Statements like "four pounds of beef equals the emissions of a transatlantic flight" are usually false and misleading, and that's according to both Mitloehner and Abu-Ali. Those statements are often based on "convoluted math," Abu-Ali said, and don't accurately depict the actual state of affairs.
"It's a joke," Mitloehner said when I asked him about the Sujatha Bergen quote that compares beef to cars. "The impact that animals have on carbon emissions is completely different than the impact a vehicle has."
He explains that the impact is different because the sources of carbon are different: Vehicles burn fossil fuels and animals produce carbon that came from the atmosphere environment and will eventually return to the environment, a process known as the biogenic carbon cycle.
OK, but the environmental situation still isn't ideal
That's true -- there's still work to be done to reduce the environmental impact of all food production, both animal and plant-based. Mitloehner argues that animal agriculture has actually made incredible leaps toward sustainability in the last few decades.
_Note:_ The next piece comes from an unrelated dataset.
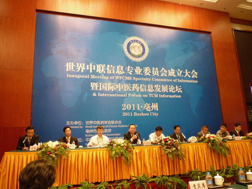 2011年9月9日~10日,世界中医药学会联合会信息专业委员会成立大会暨首届中医药国际信息化发展论坛会议在安徽省亳州市举行。本次会议由世界中医药学会联合会及亳州市政府共同主办,世界中医药学会联合会信息专业委员会、中国中医科学院中医药信息研究所及北京盛世国康医药信息咨询有限公司承办。来自中国、美国、加拿大、新加坡、新西兰、意大利、中国香港和澳门等国内外120余位代表参加了本次论坛。

"We understand societal expectations, and we have an interest in optimizing the stewardship of our land," Mitloehner says. "Nobody has a greater interest in developing our lands sustainably than we do, because this is land we want to pass on to the next generation."
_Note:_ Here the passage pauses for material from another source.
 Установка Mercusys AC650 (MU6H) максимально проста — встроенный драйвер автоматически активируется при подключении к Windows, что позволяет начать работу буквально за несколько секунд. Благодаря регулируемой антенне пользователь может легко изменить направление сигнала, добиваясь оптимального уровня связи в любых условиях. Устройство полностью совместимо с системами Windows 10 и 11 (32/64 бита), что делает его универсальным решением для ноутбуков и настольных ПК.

You can do your part to help, too. Abu-Ali and Mitloehner offer some insightful advice on how to do so for vegans and omnivores alike.
Abu-Ali urges consumers to demand better plant-based products from manufacturers, to not let manufacturers get complacent with meat alternatives that taste "just OK." If that's the case, he says, consumers will always gravitate back to what tastes better to them which, for most omnivores, is real meat.
"You are the consumer and you have the power to vote with your wallet," Abu-Ali said. "Don't stop demanding better products. If this [plant-based] movement is going to survive, it needs to be dealt with seriously by manufacturers and something that provides a long-lasting alternative to meat and dairy."
Mitloehner's biggest piece of advice is to simply plan your meals properly to avoid waste, regardless of whether you eat animal products or not. When you waste food, you're not just wasting food. You're wasting all of the resources that went into creating the food -- labor, water, cropland, fertilizer, energy and transportation -- and unused food sits in landfills and releases methane (the very greenhouse gas from livestock that people get worked up about) into the atmosphere.
About 20% of all animal-sourced foods are wasted and about 50% of all plant foods are wasted, he says. Do your part by shopping smartly.
"Don't buy massive packages that you won't get through," Mitloehner says. "If you know you're a single or double household and you know that you won't go through a gallon of milk, don't buy a gallon. Buy a pint."
Correction, Oct. 31, 1:07 p.m. PT: An earlier version of this story had an organization's name incorrect. It's the Natural Resources Defense Council.